=== Data under study ===
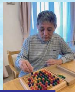
お気に入りのボードゲーム。 きれいに並べると気持ちいい(^_^)☆

令和6年2月に「えみふるの家沓掛D」が開所し、「えみふるの家沓掛 A・B・C・D」と「みさき館」を併せて定員20名のグループホームとなりました。「えみふるの家沓掛C」も週3泊から週5泊に変更し、ホームで過ごす日数が増えました。ますますにぎやかになったホームの様子をご紹介します。皆さん素敵な笑顔です!
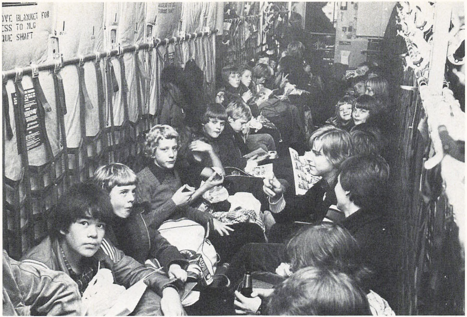
Flyvetur i Herkules - maskinen
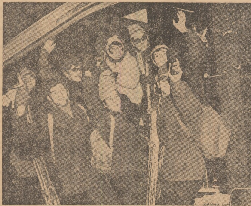
Primul tren al vacanței, avînd ca destinație taberele din stațiunile montane ale Văii Prahovei
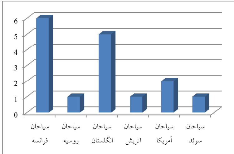
نمودار ۱. ارزیابی حضور سیاحان اروپایی در دوران قاجار بر مبنای ملیت آنان
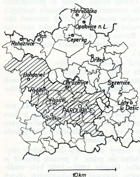
Území ovlivněné Pardubicemi.

Pardubičky, Nové Jesenčany a Studánka), a to proti roku 1869 vzrůst o 355 %, v roce 1869 měly 8 583 obyvatel, 1890 12 859, 1910 22 689, 1930 31 893 a 1950 39 080 obyvatel; na druhém místě, rovněž s velkým vzrůstem obyvatel je ovlivněné území se vzrůstem 118 %, v r. 1869 5469, 1890 5491, 1910 8577, 1930 10 028 a 1950 11 899 obyvatel. Nepatrně se zvětšilo naproti tomu obyvatelstvo zbývajících částí okresu, o 10 % — 1869 16 928, 1890 20 632, 1910 21 387, 1930 21 450 a 1950 18 694 obyvatel. Poslední období 1930—1950 dokonce vykazuje úbytek. Rovněž značné rozdíly jsou v rychlosti vzrůstu v uvedených třech oblastech (viz graf). Největší a vcelku i nejpravidelnější přírůstek obyvatel zaznamenávají Pardubice, kde se slučovala funkce politická, administrativní, kulturní i průmyslová. Menší pravidelnost pozorujeme u ovlivněného území, kde byl rychlejší vzrůst na začátku druhé poloviny 19. století, kdy začal být budován průmysl. Zbývajících částí okresu nese v posledních letech všechny charakteristické znaky oblasti s převládajícím zemědělstvím, na začátku mírný vzestup obyvatelstva, pak určitá stagnace nebo jen zcela nepatrný přírůstek a konečně pokles obyvatel.
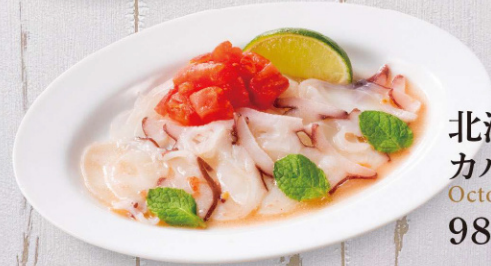
北海道水ダコの カルパッチョ Octopus carpaccio 980円(税込)
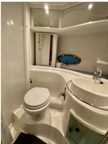
WC-Raum Ansicht 1
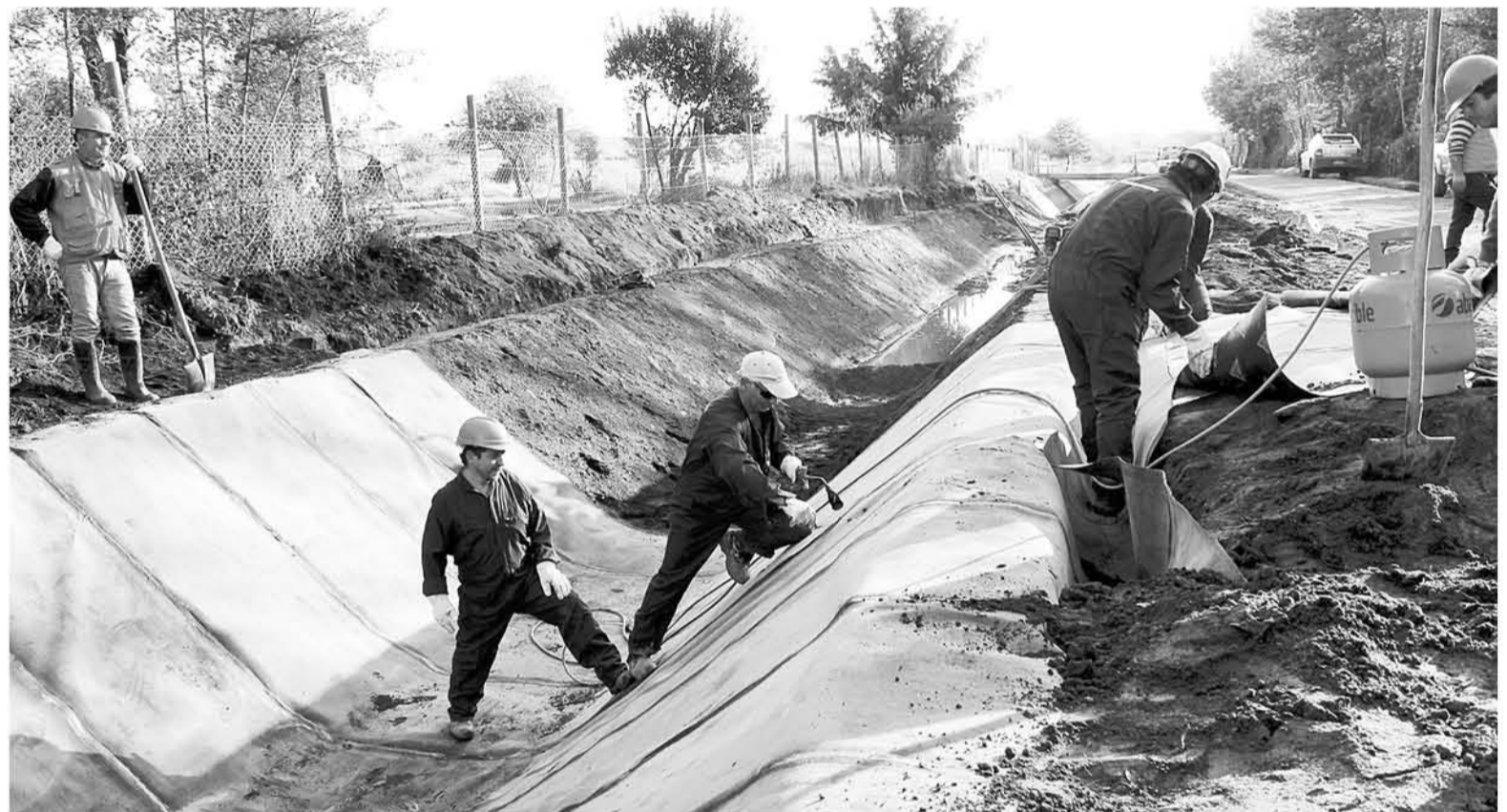
EL MÉTODO DE ENCAUCE cubrirá 30 metros lineales del canal (Foto cedida).

Cabe destacar que el canal Quillón es una de las fuentes más importantes de riego que tiene la comuna-balneario y la extracción de sus aguas se realiza, principalmente, a través de gravedad, motores y compuertas. Por lo mismo, requiere que su cauce esté totalmente limpio y no presente obstáculos.
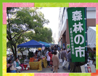
ご来場をお待ちしています♪
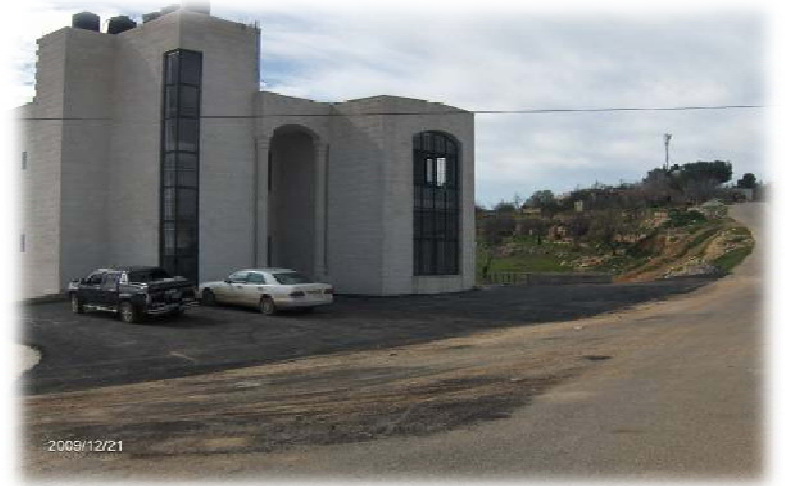
Betounia Six Association Building – Ramallah District
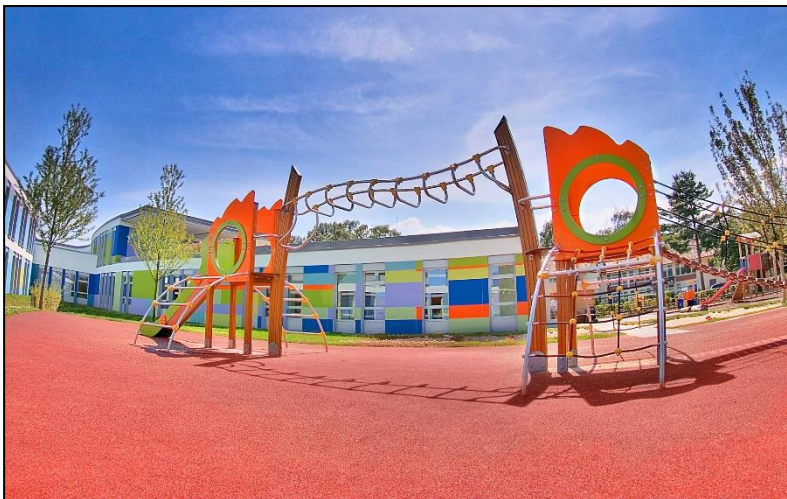
Bild 4: Aus Altreifen umweltgerecht recyceltes Gummigranulat ist ein wertvoller Sekundärrohstoff für eine große Bandbreite nachhaltiger, langlebiger Produkte. Das Spektrum reicht von elastischen Böden für Spielplätze und Sportplätze über Bautenschutzmatte für Dachbegrünung und Photovoltaikanlagen bis zu gummi-modifiziertem Lärmschutz-Asphalt. Pro Tonne Altreifen, die stofflich verwertet und nicht verbrannt wird, können rund 700 kg CO 2 -Emissionen eingespart werden.
===
The task :: The reply should hold only the lines from the first line of the records above through the line containing "Území ovlivněné Pardubicemi.", copied exactly and without pictures.

Answer space ::
お気に入りのボードゲーム。 きれいに並べると気持ちいい(^_^)☆

令和6年2月に「えみふるの家沓掛D」が開所し、「えみふるの家沓掛 A・B・C・D」と「みさき館」を併せて定員20名のグループホームとなりました。「えみふるの家沓掛C」も週3泊から週5泊に変更し、ホームで過ごす日数が増えました。ますますにぎやかになったホームの様子をご紹介します。皆さん素敵な笑顔です!
Flyvetur i Herkules - maskinen
Primul tren al vacanței, avînd ca destinație taberele din stațiunile montane ale Văii Prahovei
نمودار ۱. ارزیابی حضور سیاحان اروپایی در دوران قاجار بر مبنای ملیت آنان
Území ovlivněné Pardubicemi.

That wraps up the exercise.